Minister for Immigration and Multicultural and Indigenous Affairs v SGLB (2004) 207 ALR 12

MZAPC v Minister for Immigration and Border Protection (2021) 390 ALR 590

SZNBX v Minister for Immigration and Citizenship (2009) 112 ALD 475

Wei v Minister for Immigration and Border Protection (2015) 257 CLR 22

Division: Division 2 General Federal Law
Number of paragraphs: 52
Date of hearing: 17 April 2023
Place:  Sydney
Solicitor for the Applicants: Mr Ahmadzai of Crystal Migration
Solicitor for the Respondents: Mr Goodwin of Australian Government Solicitor

ORDERS

SYG 190 of 2019

FEDERAL CIRCUIT AND FAMILY COURT OF AUSTRALIA (DIVISION 2)

BETWEEN:

NIRMAL SINGH

First Applicant

SARABJIT KAUR

Second Applicant

NANVEET KAUR KAJAL

Third Applicant

AND:

MINISTER FOR IMMIGRATION, CITIZENSHIP AND MULTICULTURAL AFFAIRS

First Respondent

ADMINISTRATIVE APPEALS TRIBUNAL

Second Respondent

order made by:

JUDGE GIVEN

DATE OF ORDER:

17 APRIL 2023

THE COURT ORDERS THAT:

1.The application filed on 25 January 2019 is dismissed.

2.The first and second applicants must pay the first respondent’s costs and disbursements of and incidental to the application, fixed in the amount of $6,000.

3.Pursuant to r 17.02 of the Federal Circuit and Family Court of Australia (Division 2) (General Federal Law) Rules 2021 (Cth), orders 1 and 2 above not be entered until the date of the publication of written reasons for judgment (revised from transcript) which for the avoidance of doubt, and for the purposes of r 36.03 of the Federal Court Rules 2011 (Cth), will also be taken to be the date upon which the judgment was pronounced.

Note: The form of the order is subject to the entry in the Court’s records.

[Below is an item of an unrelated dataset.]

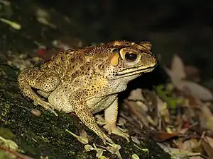 The Asian common toad has been described as one of Australia's “10 most unwanted” species, and “potentially more damaging than the cane toad”.[20] It may cause serious ecological problems due to “competition with native species, its potential to spread exotic parasites and pathogens and its toxicity”.[21] Like cane toads, the Asian common toad secretes toxins from glands in their backs to deter predators. These toxins would beyond reasonable doubt severely affect native predators, such as snakes, goannas[22] and quolls.[17]
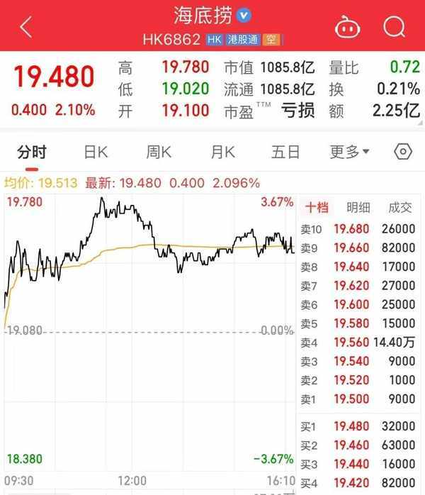 截至今日港股收盘,海底捞(HK6862)股价19.46港元,上涨2.10%,市值1085.8亿港元。

Note: The Court may vary or set aside a judgment or order to remedy minor typographical or grammatical errors (r 17.05(2)(g) Federal Circuit and Family Court of Australia (Division 2) (General Federal Law) Rules 2021 (Cth)), or to record a variation to the order pursuant to r 17.05 Federal Circuit and Family Court of Australia (Division 2) (General Federal Law) Rules 2021 (Cth).

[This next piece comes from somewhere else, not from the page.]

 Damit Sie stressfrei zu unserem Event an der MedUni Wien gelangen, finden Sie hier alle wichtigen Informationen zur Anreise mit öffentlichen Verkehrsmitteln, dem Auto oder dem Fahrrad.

EX TEMPORE REASONS FOR JUDGMENT
(revised from transcript)

JUDGE GIVEN:

  1. On 25 January 2019, an application to show cause was filed with the Court seeking review of a decision of the Administrative Appeals Tribunal (Tribunal), made on 3 January 2019, affirming a decision of a delegate of the first respondent to cancel the applicant’s Employer Nomination Scheme (Subclass 186) visa (visa). The visa was cancelled pursuant to s 101(b) of the Migration Act 1958 (Cth) (Act) because the applicant had given an incorrect answer in relation to his visa application form, and pursuant to s 103 of the Act, because he had provided a bogus document. The first applicant was the primary visa applicant (applicant).  The second and third applicants are the applicant’s wife and daughter (respectively). 

    Background

  2. On 19 November 2015, the applicant applied for the visa by completing an application form and submitting supporting documents, including an IELTS test report form dated 5 December 2014 and a certificate dated 18 July 2000 in relation to a Diploma in Mechanical Engineering issued by the State Board of Technical Education and Training in Hyderabad, India.  On 19 November 2015, the applicant (and consequently the second and third applicants) was granted the visa.

  3. On 2 November 2017, a delegate sent the applicants a Notice of Intention to Consider Cancellation (NOICC) on the basis that the applicant had falsely stated that he had achieved the required level of English in his visa application.  Handwriting analysis was said to show that the writing on the IELTS test was not the applicant’s handwriting.  Additionally, he was said to have submitted a bogus document being a Diploma which, based on integrity checks, was concluded to be counterfeit (CB 4 to 10).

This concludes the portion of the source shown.